I could be wrong but I suspect the point they may be trying to make is that work does not transfer entropy. Only heat transfers entropy. So it doesn't matter if the source of the work is reversible or irreversible as long as any entropy generated by the source due to irreversible work stays with the source, since it cannot be transferred to the system by means of work.

UPDATE:

This update is due to your following subsequent comment:

Sorry, but I should have been clearer. Suppose that system A is interacted with system B (irreversible work source) only with a thermally insulating piston. They exchange energy only through work, but not heat. My question is if it is possible to replace system B with a reversible work source in an indistinguishable manner, i.e., any mechanical reaction that system A receives from system B remains exactly the same.

Yes. If the irreversible work source B is neither generating entropy in A (by irreversible work on A) or transferring entropy to A (by heat), then the irreversible work source B can be replaced with a reversible work source B and A will remain the same. An example is given in the figure below.

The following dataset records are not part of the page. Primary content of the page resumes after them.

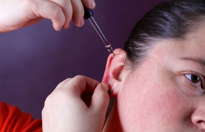 Solutie salina. Amesteca o lingura de sare intr-un pahar cu apa calda si las-o sa se dizolve. Imbiba intr-un tmapon de bumbac cateva picaturi de ureche si lasa solutia sa spele canalul urechii. Foloseste aceasta operatiune ori de cate ori este necesar.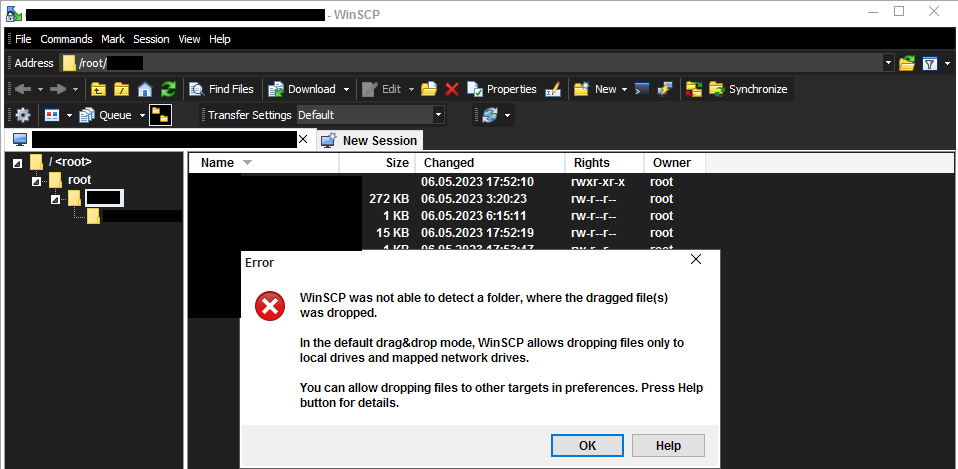 Updated from WinSCP-5.19.6-Portable to the latest version of WinSCP-5.21.8-Portable at the time of publication. And the problems started, I switched the interface to <Explorer >, re-entered and went problems with drag &drop when trying to throw over the aisles of the application gives an error! Error: WinSCP could not detect the folder where the files were dragged. If you click OK and move it again, then there is no error and the file has moved. In fact, this error occurs every time you start. But if the interface is returned to <Commander>, then there is no such error when dragging to the desktop, outside the application! In the old version, there is no such error. Tell me if it can be fixed?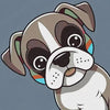 Printable kids poster — Puppy closeup smiling on grey background. Cute, soft pastel style for children's rooms and nurseries.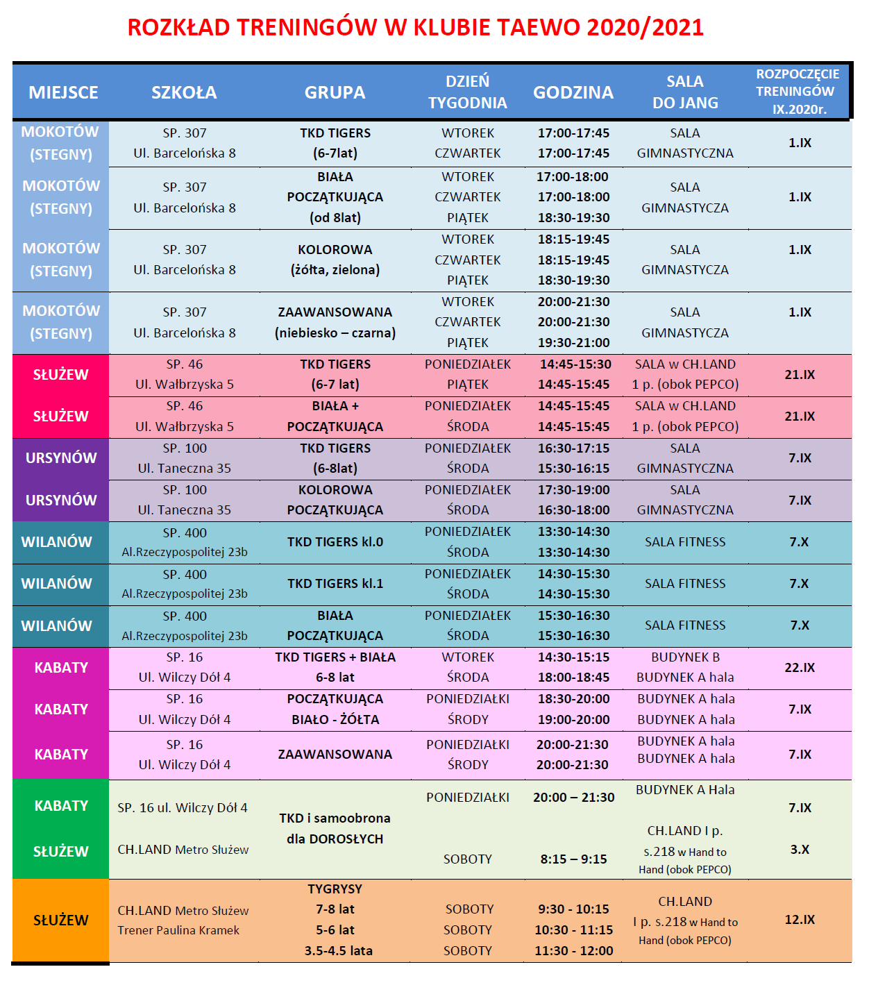 Od godz. 18:00 – 19:30 grupa dzieci ( poprzednio godz. 18.30 -19.30 i od 19.30-20.30 )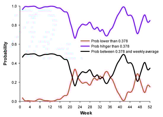 Due to weekly fluctuations, the weekly price is considered a normal variable, with the corresponding mean and standard deviation for each week. Weekly analysis is normally used for this kind of horticultural crop [72]. Figure 2 shows the weekly probability that the price will be higher than the corresponding price at threshold profitability, that it will be lower than this threshold, or that it will be between threshold profitability, and the mean price of the week in question.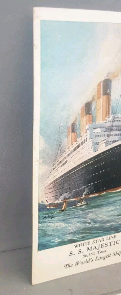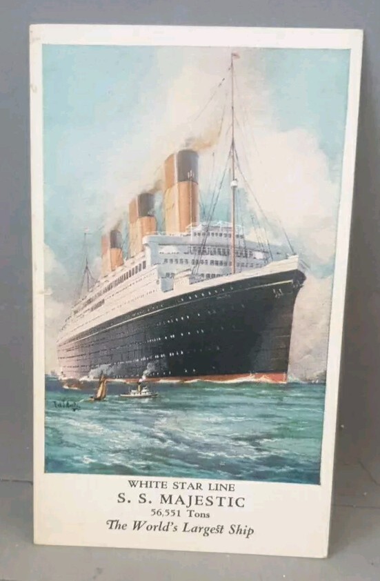 Antique SS Majestic White Star Line Chrono Lithograph Postcard World Largest Ship Excellent Condition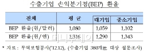 기획재정부 한 관계자는 "지난해 1월 삼성경제연구소 발표에 따르면 환율이 1%p 하락할 경우 대기업은 영업이익률이 0.094%p 감소하는 반면 중소기업은 0.139%p 감소하는 것으로 나타났다"고 말했다.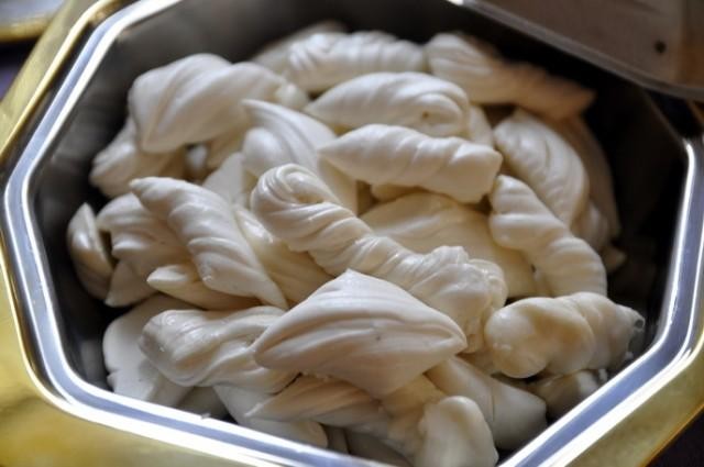 On a table also greased with butter, cut the ropes with culinary scissors into candies of any shape and size.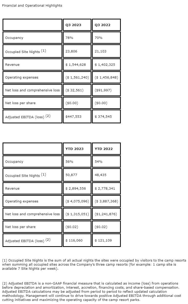 The company's Q3 revenue increased by 10 per cent, or $142,303, compared with the prior-year same period evidencing the continued demand for Pathfinder Camp Resorts as summer destinations, supported by the normalized weather conditions in the current year. Year-to-date revenue increased by 8 per cent or $116,215 year over year, driven by strong Q1 and Q3 sales, partially offset by weaker demand seen in the shoulder seasons of April to May.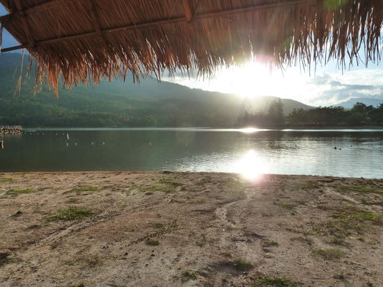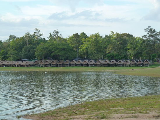 An einem anderen Abschnitt sehen wir und zunächst die Karte an und werden dabei freundlich begrüßt. Alles bestens also bleiben wir hier. Wir bestellen 10 verschiedene Gerichte und für jeden Getränke dazu. Nach dem Essen bleiben wir noch ein paar Stunden, faulenzen, baden und genießen den malerischen Blick über den See bis zu den Bergen. Als die Sonne langsam hinter den Bergen versinkt, ist es Zeit zu gehen, denn dann kommen die Mücken. Fuer das ganz Essen und die Getraenke bezahlen wir hier nur 800 Baht. Wir drehen zum Abschluss noch eine Runde mit dem Auto um den See. Der scheint bei den sportlichen Thais sehr beliebt zu sein, denn es sind viele auf Rennrädern unterwegs oder joggen. Leider fahreN die zum Teil mitten auf der Straße, so dass Rene einmal so weit nach links ausweichen muss, dass die Räder auf der linken Seite schon im Graben hängen und ich befürchte, dass wir gleich umkippen. Den Rückweg zum Hotel schaffen wir in vierzig Minuten.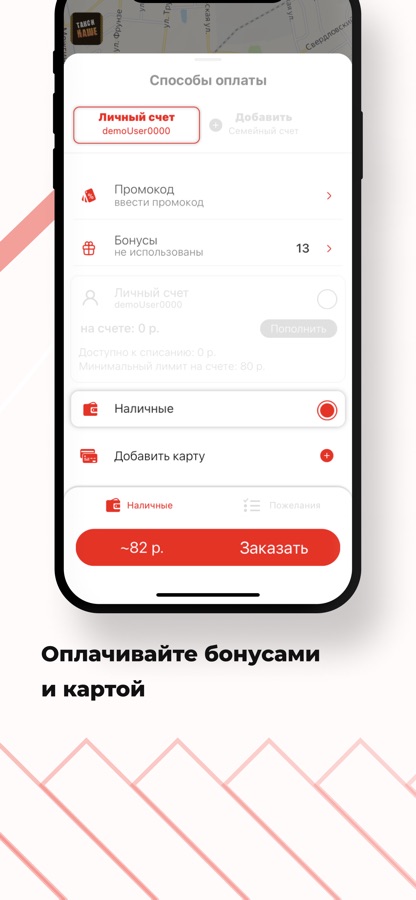 Оплачивайте поездки наличными, картой или накопленными бонусами. Также вы можете оплатить поездку через любое банковское приложение по QR-коду.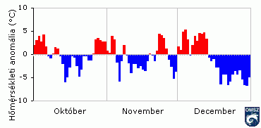 sem törte meg a szeptember óta tartó tendenciát: országos átlagban mintegy 3,0 fokkal melegebb volt, mint az ilyenkor szokásos. Az ország nyugati felében volt kisebb (2-3- fokos) a pozitív anomália, az északkeleti országrészben helyenként 4 fokkal is melegebb volt a normálnál. Fagyos nap szórványosan még elõfordult, legtöbb (20) fagyos napot az Északi-középhegységben regisztráltak.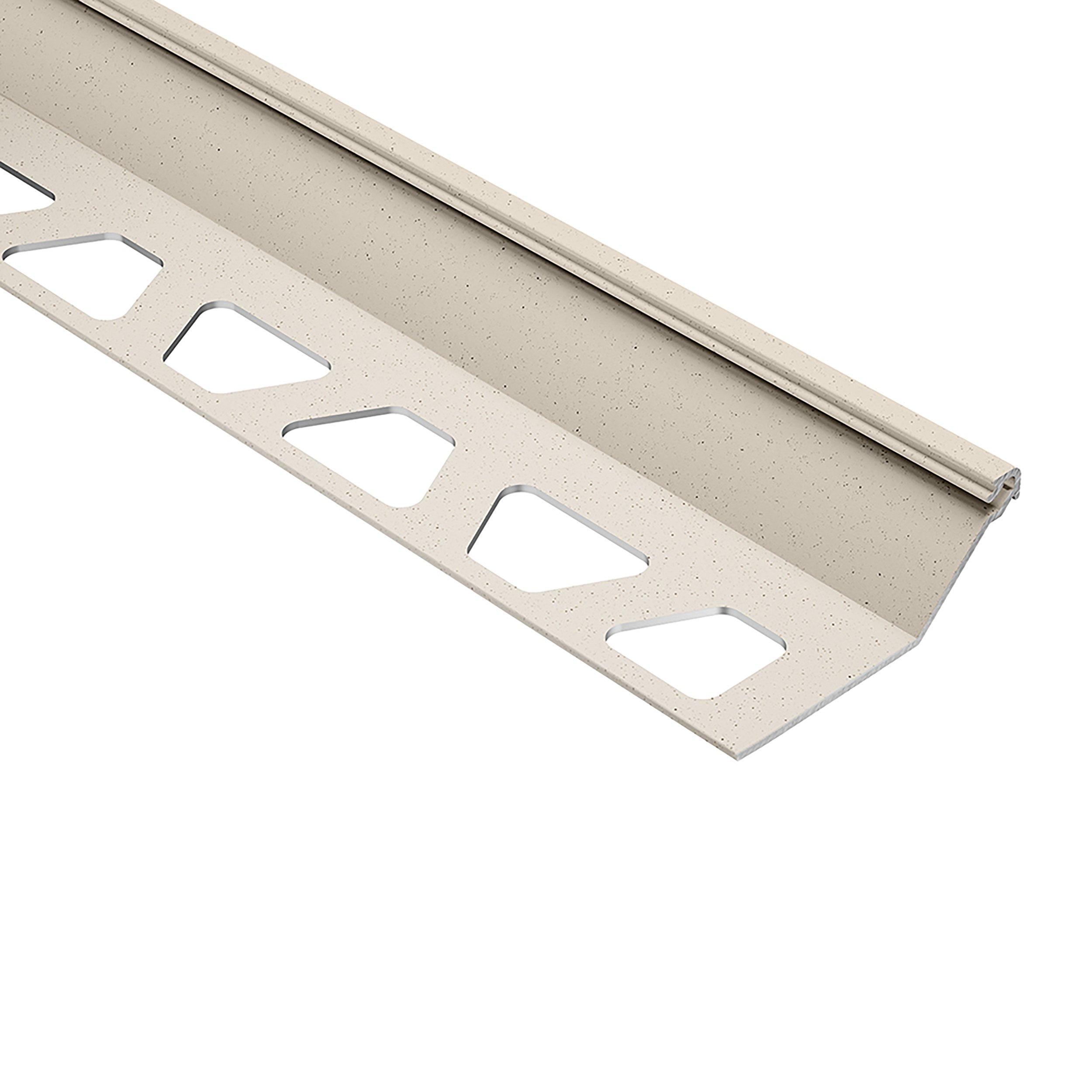 Schluter Finec-SQ Trim 9/16in. Aluminum Ivory is a finishing and edge-protection profile for the outside corners of tiled surfaces on walls. The vertical wall section of the profile provides a decorative finish and protects adjacent tiles. Other applications include transitions for dado coverings such as carpet, natural stone, or cold-cured resin coatings.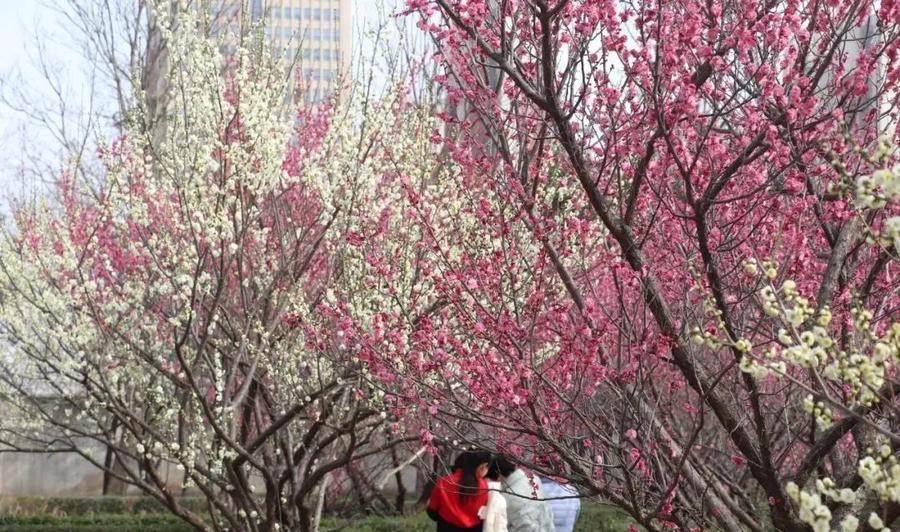 梅花,是菏泽早春里最明艳的一场惊喜。一到梅花季,菏泽的公园里、景区内就游人如织,一簇簇的梅花在阳光中摇曳,空气中弥漫着阵阵花香。梅花暗香浮动,层层叠叠的花瓣,如翩翩蝴蝶栖于枝头,构成了一幅鸟语花香、生机盎然的美丽画卷。在这曼妙的时光里,梅花以优雅动人的姿态,向您发出邀请,共赴一场花事。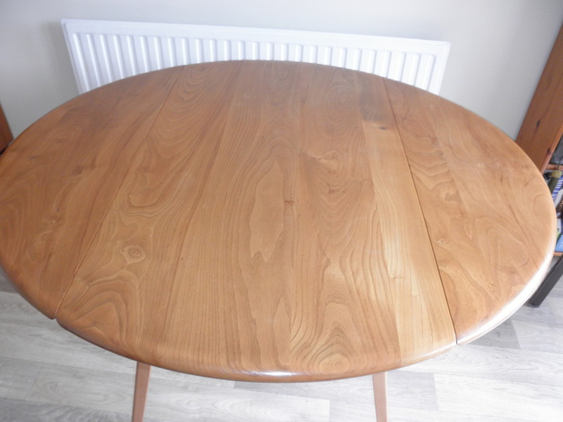 Raised on splayed tapering beech legs with a solid elm top (designed to seat 6 people) converts from an oblong to the circular / oval by means of the two semi-circular leaves supported by sturdy pull-out metal rods and beech blocks.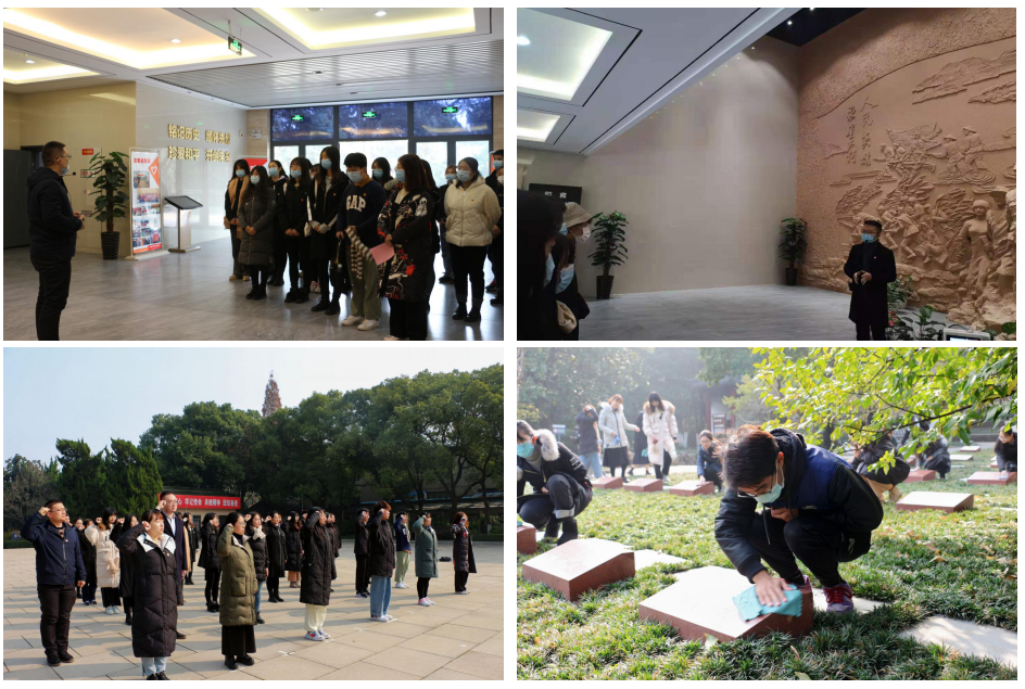学习结束后,在烈士纪念碑前,现场的党员员工及老师面对纪念碑、面对鲜艳的党旗重温了入党誓词,大家高举右手,齐声郑重宣誓:“我志愿加入中国共产党……”,铿锵恢宏的誓词,久久激荡在每位党员师生的心中。最后,全体同学为烈士陵园内的一百余个墓碑进行了擦拭。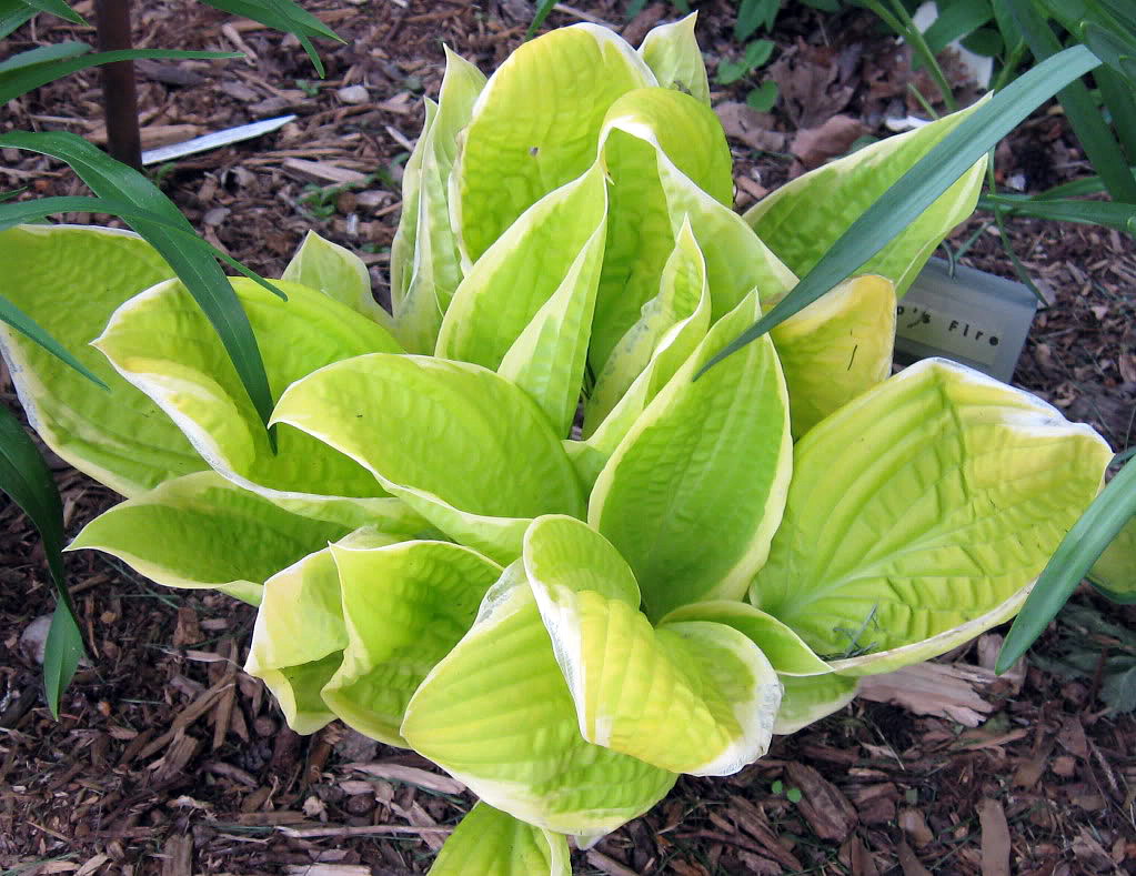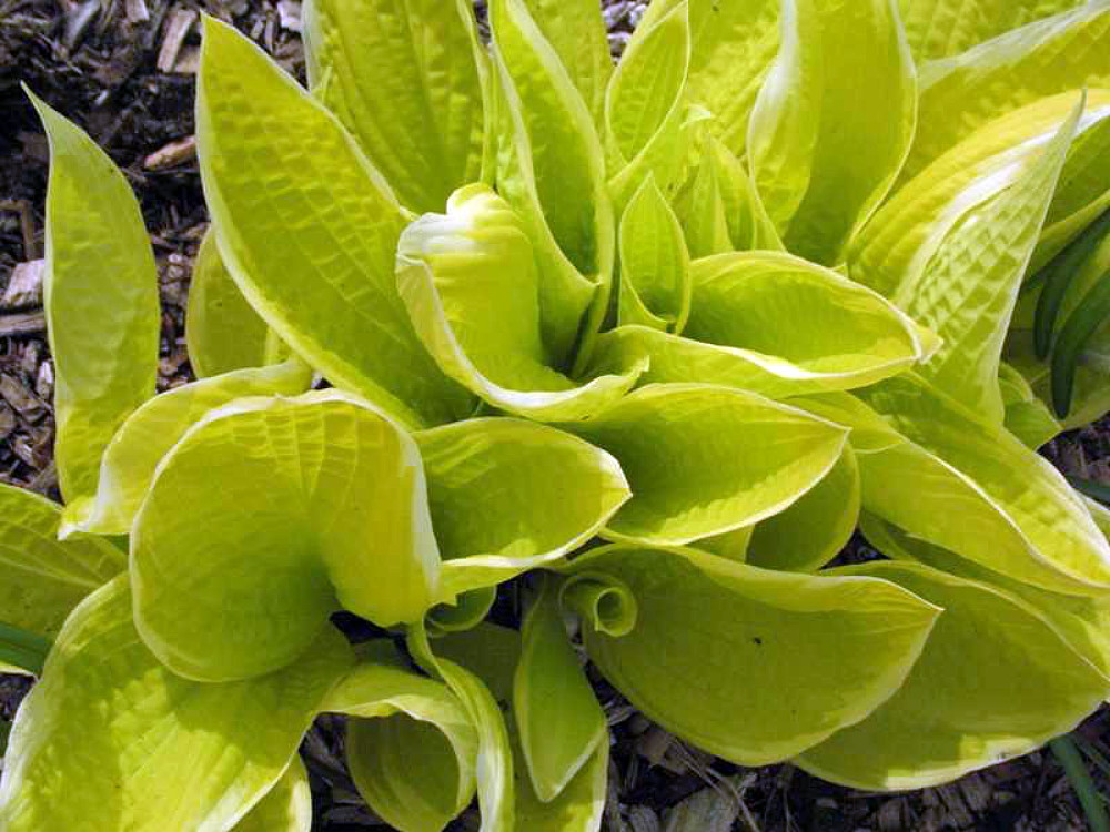 Hosta are among the most popular of perennials for shady areas, with literally hundreds of varieties now readily available. Plants form a sturdy mound of foliage, topped with lily-like blooms. This is a midsized selection with leaves emerging in spring with lovely buttery-yellow centres that soon darken to green with smooth, pure-white margins. In summer, there is a dramatic effect, when on the same plant, there are new yellow leaves as well as the more mature green ones. Pale lavender flowers appear midsummer and may attract hummingbirds. Suitable for planting in mixed containers and tubs. Hosta go completely dormant in the fall, and the dying foliage can be removed any time mid-spring. Easily divided in either spring or fall, but plants may also be left alone for years. A Sport of ‘Sea Fire’.

B is an irreversible work source due to mechanical friction heating between the piston and cylinder walls. Since the heat generated by friction in B is not transferred to A, no entropy is transferred to A. Moreover, since the expansion in B is carried out very slowly (quasi-statically) the compression of the gas in A (with no mechanical friction in A) is also carried out very slowly (quasi-static) making the compression work done by B on A reversible.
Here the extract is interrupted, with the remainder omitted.